The sad part of the story is that the Swanton Village Trustees Monday night ordered all five walls to be taken down. The walls had become political statements, and to the trustees and many of Swanton’s community members, they had become divisive. And, typical of today’s world, the nastiness broke out on social media channels; the keyboard warriors began taking hateful aim at one another.

The trustees had had enough. The walls came down and a hiatus was declared until the first of the year, when it may be revisited.

Village Manager Reggie Beliveau was right when pointed out that Swanton’s story is a good one; the community has made considerable progress in a number of uplifting endeavors and it’s regretful to see all the good washed over by the media’s coverage of an event with negative overtones.

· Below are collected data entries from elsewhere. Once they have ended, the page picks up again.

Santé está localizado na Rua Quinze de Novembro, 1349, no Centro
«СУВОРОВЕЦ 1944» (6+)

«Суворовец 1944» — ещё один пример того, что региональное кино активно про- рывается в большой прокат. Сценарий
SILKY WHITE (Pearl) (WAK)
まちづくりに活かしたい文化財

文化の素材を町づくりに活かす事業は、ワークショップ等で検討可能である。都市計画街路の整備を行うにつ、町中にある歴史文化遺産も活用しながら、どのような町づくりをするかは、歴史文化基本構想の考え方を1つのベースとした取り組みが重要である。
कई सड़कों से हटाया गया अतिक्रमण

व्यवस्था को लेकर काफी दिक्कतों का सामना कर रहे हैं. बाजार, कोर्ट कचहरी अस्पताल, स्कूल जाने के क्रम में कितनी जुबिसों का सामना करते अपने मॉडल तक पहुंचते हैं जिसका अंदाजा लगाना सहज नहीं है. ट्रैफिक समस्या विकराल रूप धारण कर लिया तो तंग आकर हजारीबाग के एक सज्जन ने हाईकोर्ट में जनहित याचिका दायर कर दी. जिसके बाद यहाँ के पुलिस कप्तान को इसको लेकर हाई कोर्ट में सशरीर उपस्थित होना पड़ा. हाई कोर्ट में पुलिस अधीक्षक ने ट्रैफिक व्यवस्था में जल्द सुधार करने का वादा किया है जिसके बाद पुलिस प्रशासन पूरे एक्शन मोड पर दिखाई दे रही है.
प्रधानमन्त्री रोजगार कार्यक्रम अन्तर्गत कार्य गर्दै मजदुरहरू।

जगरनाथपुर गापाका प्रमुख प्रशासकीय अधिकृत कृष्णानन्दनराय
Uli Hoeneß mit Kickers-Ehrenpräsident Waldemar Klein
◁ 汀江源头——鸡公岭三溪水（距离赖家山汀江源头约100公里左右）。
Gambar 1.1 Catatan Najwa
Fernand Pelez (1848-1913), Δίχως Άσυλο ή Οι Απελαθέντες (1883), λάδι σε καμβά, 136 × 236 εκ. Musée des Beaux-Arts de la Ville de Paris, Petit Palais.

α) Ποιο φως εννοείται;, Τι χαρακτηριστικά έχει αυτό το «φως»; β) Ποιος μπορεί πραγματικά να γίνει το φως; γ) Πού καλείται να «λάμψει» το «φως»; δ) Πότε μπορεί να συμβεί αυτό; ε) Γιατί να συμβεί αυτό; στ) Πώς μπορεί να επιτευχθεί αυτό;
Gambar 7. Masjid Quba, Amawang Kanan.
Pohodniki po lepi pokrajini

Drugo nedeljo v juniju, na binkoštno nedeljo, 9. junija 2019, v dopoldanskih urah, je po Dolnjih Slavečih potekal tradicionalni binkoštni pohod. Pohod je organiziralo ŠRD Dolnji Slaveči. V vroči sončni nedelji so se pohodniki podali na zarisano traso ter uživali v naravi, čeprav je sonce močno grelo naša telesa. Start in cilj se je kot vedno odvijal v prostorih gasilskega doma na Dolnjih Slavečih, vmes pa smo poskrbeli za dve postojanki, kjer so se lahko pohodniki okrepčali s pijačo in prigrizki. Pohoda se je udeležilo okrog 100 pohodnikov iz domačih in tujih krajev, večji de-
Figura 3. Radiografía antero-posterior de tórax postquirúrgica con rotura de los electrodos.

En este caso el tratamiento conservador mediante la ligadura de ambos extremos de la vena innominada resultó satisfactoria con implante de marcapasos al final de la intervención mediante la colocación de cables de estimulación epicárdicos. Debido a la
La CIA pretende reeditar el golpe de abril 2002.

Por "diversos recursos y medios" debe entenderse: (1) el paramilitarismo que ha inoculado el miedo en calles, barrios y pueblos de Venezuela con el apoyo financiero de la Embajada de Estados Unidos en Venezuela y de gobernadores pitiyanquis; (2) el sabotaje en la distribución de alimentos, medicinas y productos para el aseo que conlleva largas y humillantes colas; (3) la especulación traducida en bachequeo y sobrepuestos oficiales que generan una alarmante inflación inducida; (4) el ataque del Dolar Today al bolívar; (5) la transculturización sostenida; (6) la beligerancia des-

But that needn’t be what eventually prevails. It’s important that Swanton find a way to put the walls back up, which will require improved communication between the sides, and that will necessitate examining Mr. Hemingway’s words.

Peace, for example, is not something forged out of silence. It’s not something that can be achieved when one side tries to prevail over the other. And it cannot be found by pretending inequities don’t exist.

When Mr. Hemingway talks about wanting Swanton to be the quiet little town he remembers [and he has company] that’s another way of looking in the past, fearful of addressing new thoughts and different realities. Peace, true peace, a peace that lasts, is something hard fought and it doesn’t come from a place of complacency.

The art boards are gone and the vitriol on social media will fade, but the need to address Black Lives Matter and general issues of discrimination and inequity remain in Swanton [and throughout Vermont], they’ve just been papered over. The peace comes when Black Lives Matter art is put up and no one objects. The peace comes when Mr. Hemingway puts up his peace sign in a respectful manner, and no one objects.

To get there, the art needs to return, but it needs to be prefaced with some face-to-face community meetings. Instead of treating this as an obstacle, let’s treat it as the opportunity that it is.